TG-rich lipoproteins (TRLs), LDL, and HDL were isolated by ultracentrifugation and used to determine optimal characteristics of surfactants and various enzymes for assay development. We analyzed assay precision and linearity, and compared results with those obtained after ultracentrifugation. Serum samples from a large population study (n = 12284 subjects) were used to generate reference intervals for LDL-TG and to determine levels in various types of hyperlipidemia.

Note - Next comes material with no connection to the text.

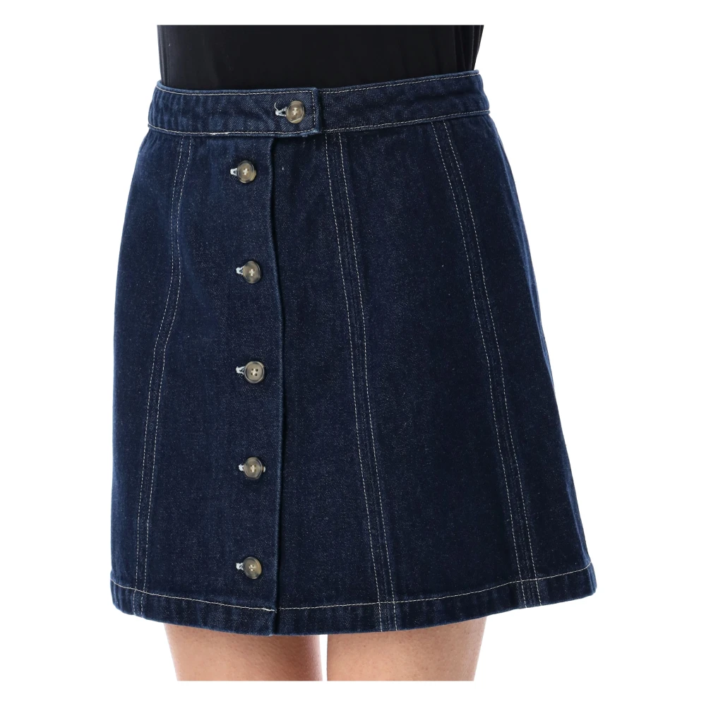 Upgrade je casual look met deze A.p.c. Pipa mini denim rok. De trapeze snit en lengte tot halverwege het dijbeen, samen met knoopsluiting en wit contraststiksel, zorgen voor een flatterende silhouet. Gemaakt van 100% katoen. Model is 1, 70 m en draagt maat 36.

An assay for LDL-TG has been developed by use of surfactants 1 and 2, and enzymes to measure LDL-TG directly on an automated analyzer. There was an excellent correlation between results obtained with this assay and after isolation of LDL by ultracentrifugation. When the assay was applied to serum samples from normal and hyperlipidemic subjects, median normal values were 0.09 mmol/L, with significant median elevations observed in subjects with increased LDL-C, hypertriglyceridemia, combined hyperlipidemia, and hyperchylomicronemia of 0.19, 0.18, 0.28, and 0.43 mmol/L, respectively, as compared with mean LDL-C values in these subjects of 2.25, 4.01, 2.66, 3.96, and 2.43 mmol/L, respectively.
We have developed an automated homogeneous assay for LDL-TG for potential use in research and clinical laboratories, and documented that the TG molar content of LDL is about 5% of its cholesterol content.

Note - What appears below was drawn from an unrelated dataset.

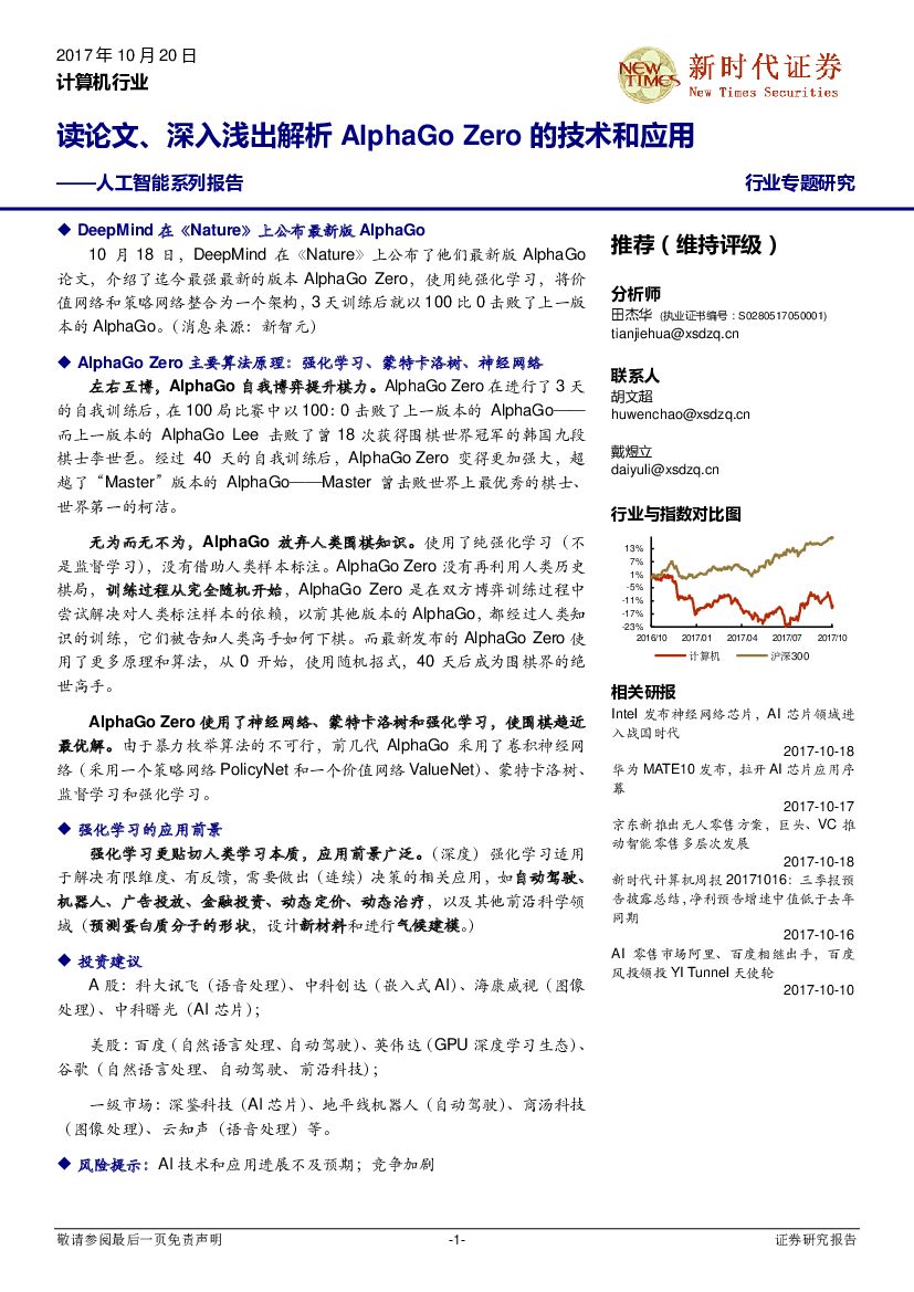 新时代证券:计算机行业专题研究:人工智能系列报告-读论文、深入浅出解析AlphaGo Zero的技术和应用.pdf

低密度脂蛋白(LDL)通过其胆固醇含量(LDL-C)来测定,但有研究表明,LDL甘油三酯(LDL-TG)也可能与冠状动脉疾病风险相关。LDL-TG可通过超速离心或电泳后进行测量,但这些方法劳动强度大,表明需要一种自动化的均相测定法。
通过超速离心分离富含甘油三酯的脂蛋白(TRL)、LDL和HDL,并用于确定表面活性剂和各种酶的最佳特性以用于分析方法开发。我们分析了分析的精密度和线性,并将结果与超速离心后获得的结果进行比较。来自一项大型人群研究(n = 12284名受试者)的血清样本用于生成LDL-TG的参考区间,并确定各种类型高脂血症中的水平。
利用表面活性剂1和2以及酶开发了一种直接在自动分析仪上测量LDL-TG的分析方法。该分析方法获得的结果与通过超速离心分离LDL后获得的结果之间具有极好的相关性。当将该分析方法应用于正常和高脂血症受试者的血清样本时,正常中位数为0.09 mmol/L,在LDL-C升高、高甘油三酯血症、混合性高脂血症和高乳糜微粒血症受试者中观察到中位数显著升高,分别为0.19、0.18、0.28和0.43 mmol/L,而这些受试者的平均LDL-C值分别为2.25、4.01、2.66、3.96和2.43 mmol/L。
我们开发了一种用于LDL-TG的自动化均相分析方法,可潜在用于研究和临床实验室,并证明LDL的TG摩尔含量约为其胆固醇含量的5%。